====== Dataset content

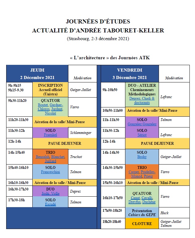 17h50 – 18h20 – PRÉSENTATION d’un numéro spécial des CAHIERS DU GEPE dédié à ATK : Dominique Huck
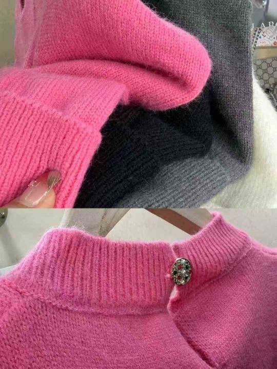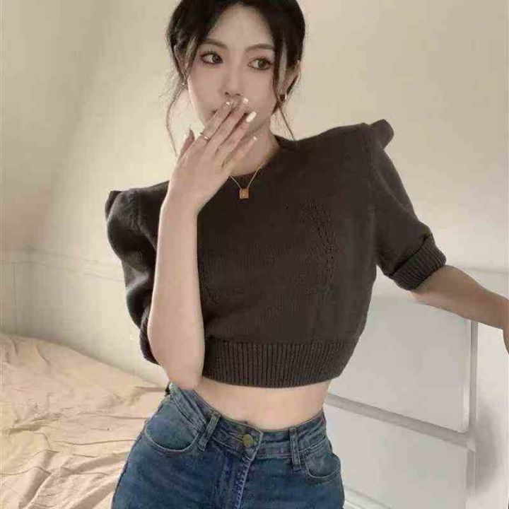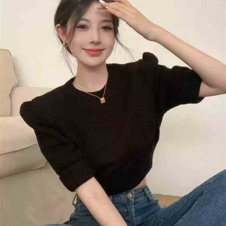 韩版高级感泡泡袖针织衫女士打底百搭短款上衣,整款4...
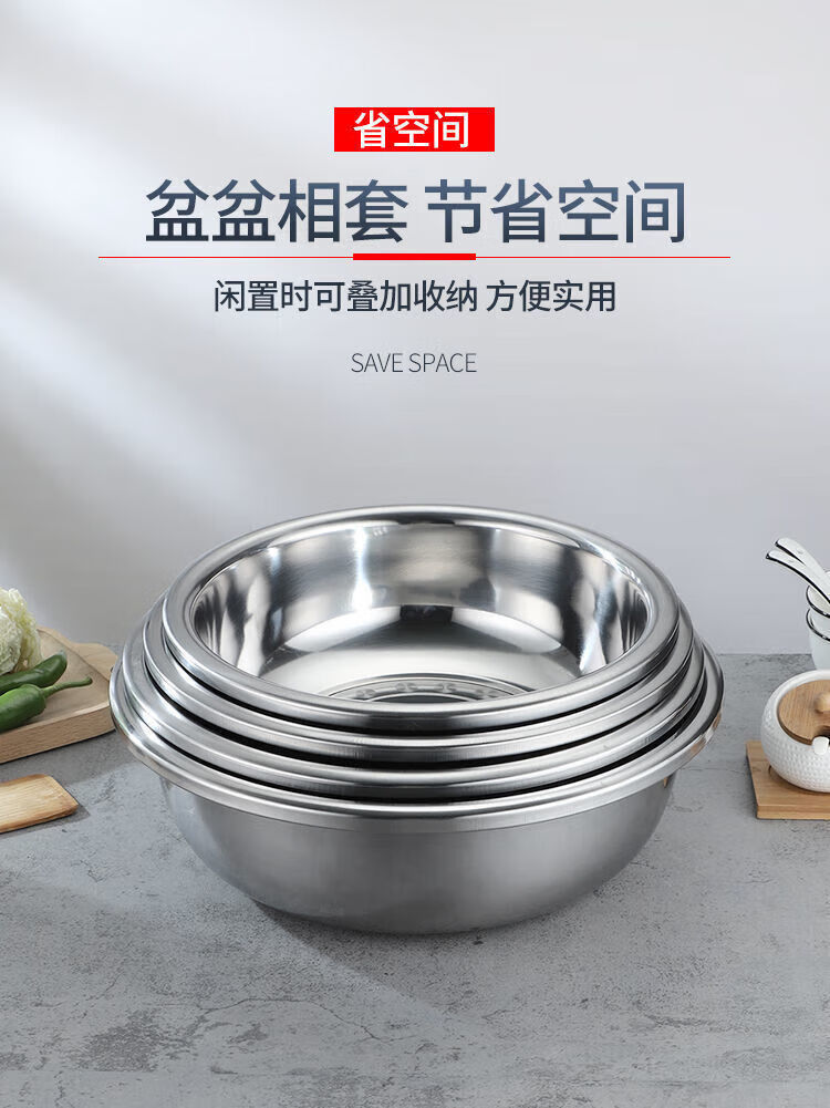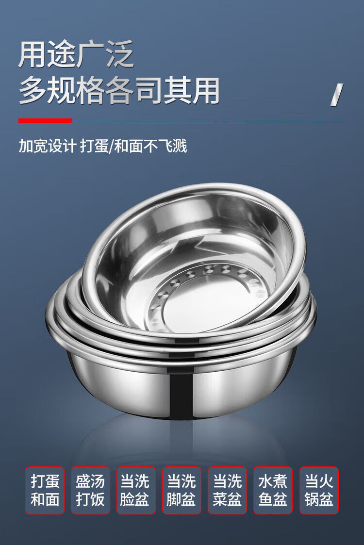 Thick stainless steel basin, home kitchen, commercial vegetable sink and face wash basin, smaller size, one 16cm stainless steel bowl
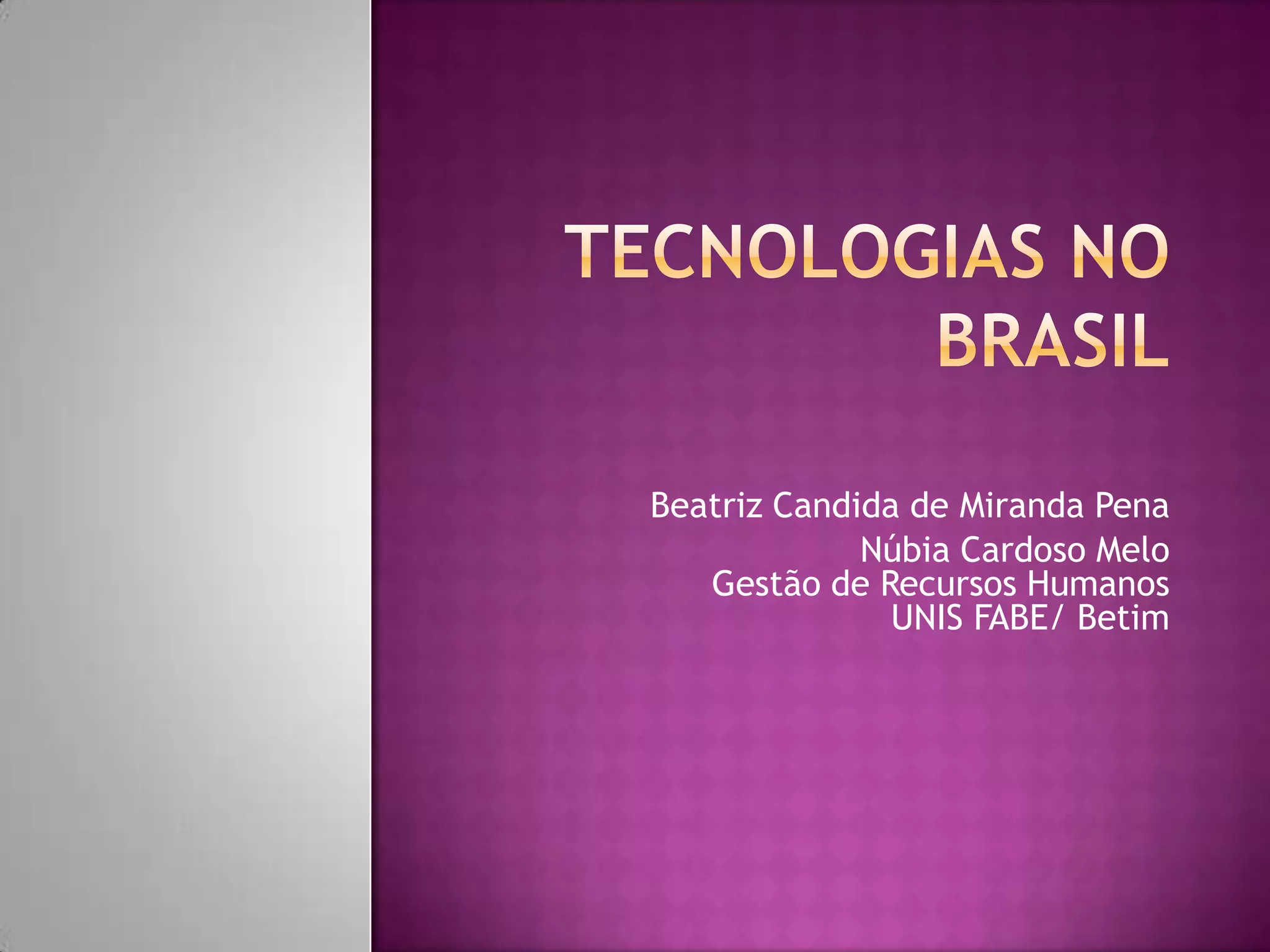 O documento discute a evolução da tecnologia no Brasil desde a década de 1970, incluindo o desenvolvimento da informática, tecnologias de gestão, inclusão digital, tecnologias assistivas e sociedade da informação, concluindo com uma breve discussão sobre o comércio eletrônico.

============

Any picture in the data is to be skipped, while each line is returned exactly as written.

 17h50 – 18h20 – PRÉSENTATION d’un numéro spécial des CAHIERS DU GEPE dédié à ATK : Dominique Huck
 韩版高级感泡泡袖针织衫女士打底百搭短款上衣,整款4...
 Thick stainless steel basin, home kitchen, commercial vegetable sink and face wash basin, smaller size, one 16cm stainless steel bowl
 O documento discute a evolução da tecnologia no Brasil desde a década de 1970, incluindo o desenvolvimento da informática, tecnologias de gestão, inclusão digital, tecnologias assistivas e sociedade da informação, concluindo com uma breve discussão sobre o comércio eletrônico.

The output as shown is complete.